The problem
The lines below from the one with "血常规中淋巴细胞数量可能升高" up to and including the one with "これは、4/25付け中国新聞" are what you should set down, exactly and without pictures.

The input

--------------------------------------------------

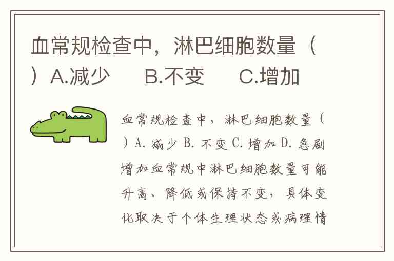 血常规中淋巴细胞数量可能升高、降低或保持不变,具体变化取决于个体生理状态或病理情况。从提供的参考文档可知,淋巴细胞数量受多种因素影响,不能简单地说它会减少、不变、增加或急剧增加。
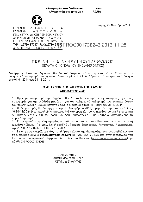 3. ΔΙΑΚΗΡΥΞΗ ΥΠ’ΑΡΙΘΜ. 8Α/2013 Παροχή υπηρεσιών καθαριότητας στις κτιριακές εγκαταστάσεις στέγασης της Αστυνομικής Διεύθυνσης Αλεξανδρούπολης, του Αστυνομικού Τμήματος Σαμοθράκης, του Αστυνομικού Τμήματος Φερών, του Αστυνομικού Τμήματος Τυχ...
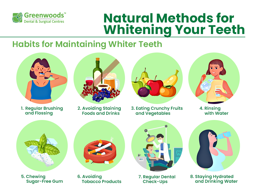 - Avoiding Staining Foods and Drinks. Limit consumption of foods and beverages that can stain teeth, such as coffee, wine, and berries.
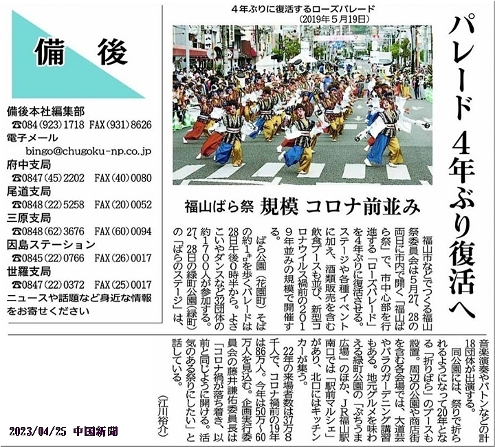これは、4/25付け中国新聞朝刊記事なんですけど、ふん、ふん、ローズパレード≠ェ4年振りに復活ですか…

--------------------------------------------------

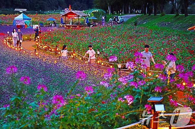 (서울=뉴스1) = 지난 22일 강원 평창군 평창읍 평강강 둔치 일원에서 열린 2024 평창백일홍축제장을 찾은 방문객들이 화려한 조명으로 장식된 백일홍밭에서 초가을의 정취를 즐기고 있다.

--------------------------------------------------

Exercise output
 血常规中淋巴细胞数量可能升高、降低或保持不变,具体变化取决于个体生理状态或病理情况。从提供的参考文档可知,淋巴细胞数量受多种因素影响,不能简单地说它会减少、不变、增加或急剧增加。
 3. ΔΙΑΚΗΡΥΞΗ ΥΠ’ΑΡΙΘΜ. 8Α/2013 Παροχή υπηρεσιών καθαριότητας στις κτιριακές εγκαταστάσεις στέγασης της Αστυνομικής Διεύθυνσης Αλεξανδρούπολης, του Αστυνομικού Τμήματος Σαμοθράκης, του Αστυνομικού Τμήματος Φερών, του Αστυνομικού Τμήματος Τυχ...
 - Avoiding Staining Foods and Drinks. Limit consumption of foods and beverages that can stain teeth, such as coffee, wine, and berries.
これは、4/25付け中国新聞朝刊記事なんですけど、ふん、ふん、ローズパレード≠ェ4年振りに復活ですか…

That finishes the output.